The Rakhine Buddhists are demonstrating against the Myanmar’s Muslim Rohingya but it needs to be noted that these local minority group Muslims have been living without especial difficulties around Rakhine region for centuries. They are part of general society. They enjoy all rights including that of religious freedom. However, along with the other citizens of Myanmar, the Muslim Rohingya have been suffering because of the sanctions imposed by the UN and the ‘West’ and under local generalised conflicts.

The Rohingya that fled to Myanmar during the upheavals in Bangladesh during the 1940s have partially been integrated into the Myanmar society, the majority though is living in refugee camps and as largely homeless people in Rakhine State.

Like other official minorities in the ethnically diverse country, the Muslim Rakhines suffered under the yoke of the junta for nearly half a century until a nominally civilian, reformist government replaced it in March last year.

But, there are external-to-the-country efforts aimed at controlling Myanmar´s oil and gas resources that makes the eventual status of the Rohingya refugee population in Myanmar complex and difficult to resolve! In fact, those efforts are using their predicament for ends far from their benefit!

Myanmar is currently involved in two international pipeline projects which compete:
the Myanmar-Bangladesh-India pipeline project which is transporting gas from Myanmar to Bangladesh and India, and the dual Oil&Gas China-Myanmar pipelines.

There is a suspicion that outside imposed – by overt influence if not by direct subvert ones – activities will bring to the fore all the seemingly pro-democracy forces but primarily those which sideline attempts to find a Myanmar-and-Asian solution for Myanmar´s problems – example the Rohingya – within a regional framework of ASEAN.

That’s where Aung comes in, saddled between two horses, one pulling towards China and the other in the opposite direction.

China is in the strongest position given its closer regional status and given a safe and stable region that is host to those comprehensive energy resources, that are sought after by the West via Bangladesh, then the West and Bangladesh-India could lose that opportunity and will have to stand in line.

The Rohingya refugees plight in Myanmar and elsewhere will not be served by the imposing of additional hardships on them by the government of Myanmar in implementing tougher controls over the refugee population. But care must be taken by the media, human rights organisations, UN-agencies and NGOs generally, to justify sanctions and interventions that do not solve the problems of the Rohingya and beyond that, making them further victims of circumstance.

Failing that, such hardships would delay all that the people of Myanmar want for the normalisation of their country by destabilizing Myanmar national reconciliation projects, producing a further fracturing of society.

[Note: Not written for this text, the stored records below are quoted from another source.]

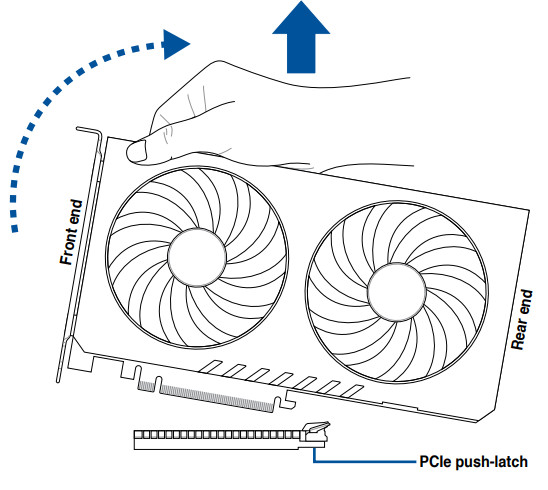 Для удобного извлечения видеокарт из слота PCIe x16_1 имеется особый механизм Q-Release Slim: надо потянуть видеокарту в районе крепежной планки вверх. Тогда сработает замок.
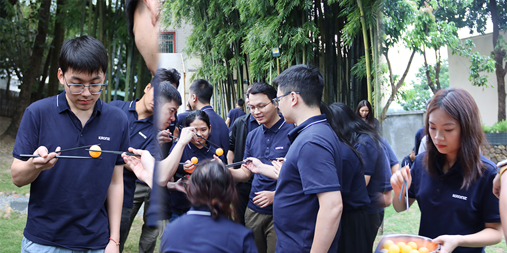 各队队员早已两两相对,排成长长的笔直队伍,每个人手里都捏着一双筷子,眼睛紧紧盯着前方的乒乓球。比赛一开始,第一棒队员小心翼翼夹起球,慢慢递向队友;可有人手一抖,球“嗒” 地掉在地上,立刻弯腰飞快捡起,重新调整姿势。后面的队友也赶紧放慢速度,轻声提醒:“稳点,不急!” 就这样,球在一双双筷子间慢慢传递,最终所有完成挑战的小队,都举着乒乓球的容器欢呼,团队协作的成就感在每个人脸上藏都藏不住。
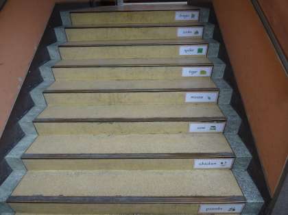 中校舎西階段の掲示物です。感情・図形・動物について掲示しています。
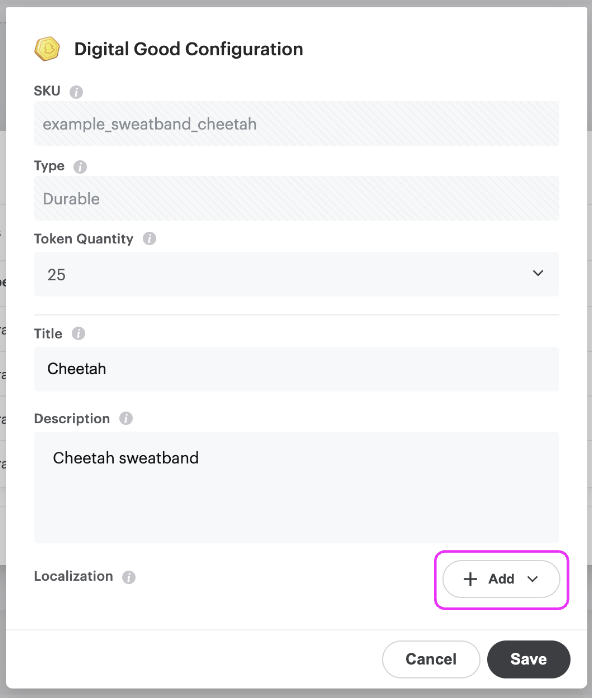 - For consumable items, enter the Quantity that is added to the digital good’s balance on unlock.
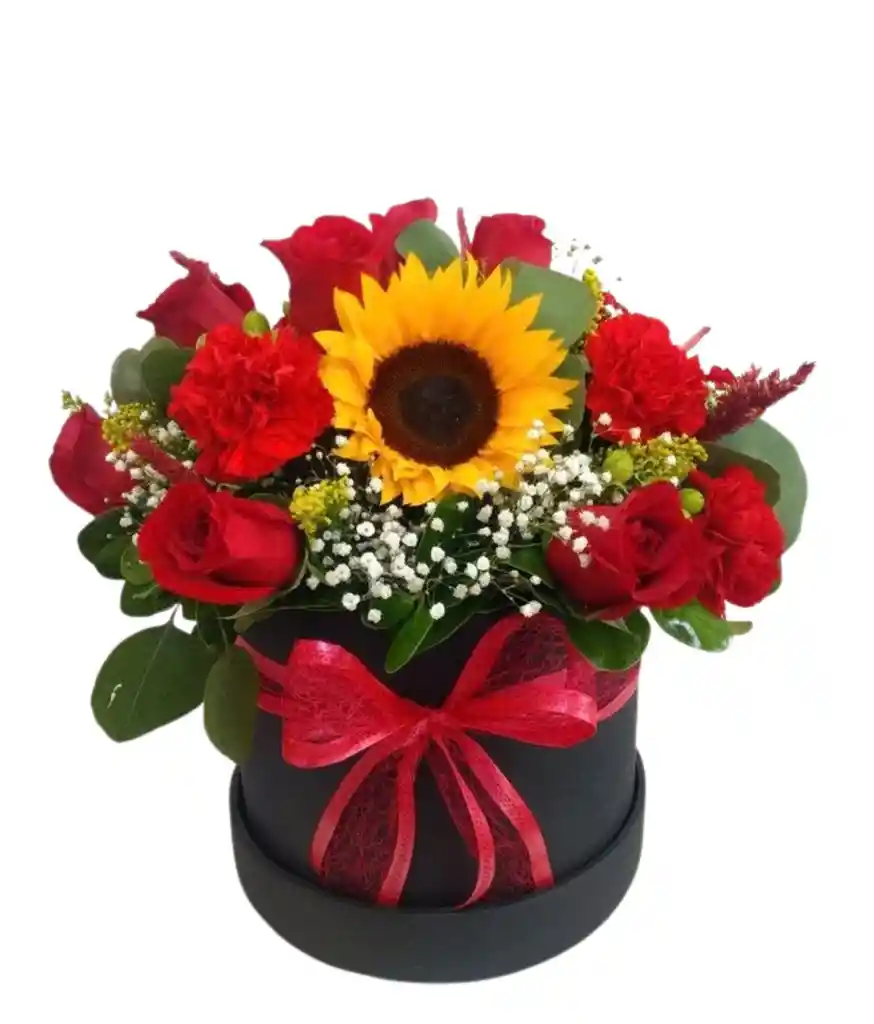 Caja redonda con 12 rosas, clavel y girasol Incluye: Moño artesanal y fino follaje. Personalización: Si deseas agregar una tarjeta con mensaje o remitente, por favor escríbelo en la sección de "Comentarios" al realizar tu pedido o indícalo por el chat a tu Rappitendero.

There are forces at work worldwide that always see gain from a country’s internal disunity because united a people have strength and can democratise a country within its system of laws and thus gain and keep control over its resources. That’s not what outsiders want. In conditions of instability the most powerful sway events their way.

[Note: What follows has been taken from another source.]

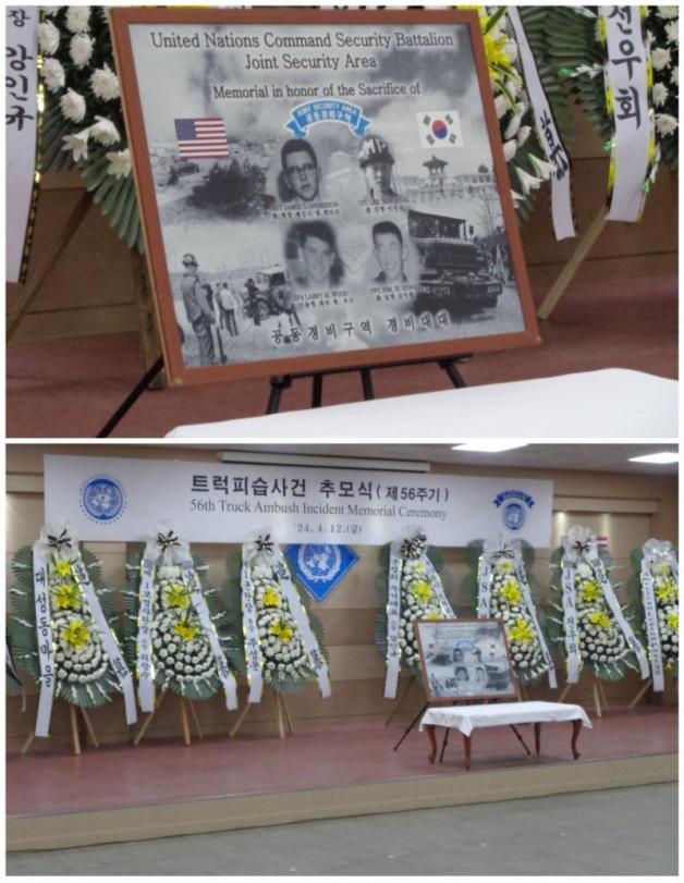 Commander Willian Scafe and Vice Commander Steve Tharp of Lewis L. Millett American Legion Post 38 attended the 56th Truck Ambush Incident Memorial Ceremony at Camp Bonifas, South Korea, on April 12, 2024. Camp Bonifas is a United Nations Command (UNC) military post located 400 meters (1,300 feet) south of the southern boundary of the Korean Demilitarized Zone. The 56th Truck Ambush Incident Memorial Ceremony honored the four UNC soldiers who were killed in action during the Truck Ambush also known as the Easter Ambush on Easter Sunday, April 16, 1968. The memorial ceremony honored the ultimate sacrifice of Sgt. James L. Anderson, Spc. Larry M. Wood, Cpl. Lee Son Kyoo and Pfc. Kim K. Hong.

Sadly, in any country there are local power groups that will do anything, even sell their country short, to keep their grip on power and the wealth. Thus it is with the military linked cartels and their ilk that run all kinds of enterprises.

Who will bell the cat, the tiger’s tail? Only the people can do that and for that they need to be united. The root cause of division lies in the country’s colonialised past with its divide and rule, violent methodology of imperialism. The counterpoint is a non-violent methodology of process and inclusion, thereby regaining the casual solidarity of previous ages.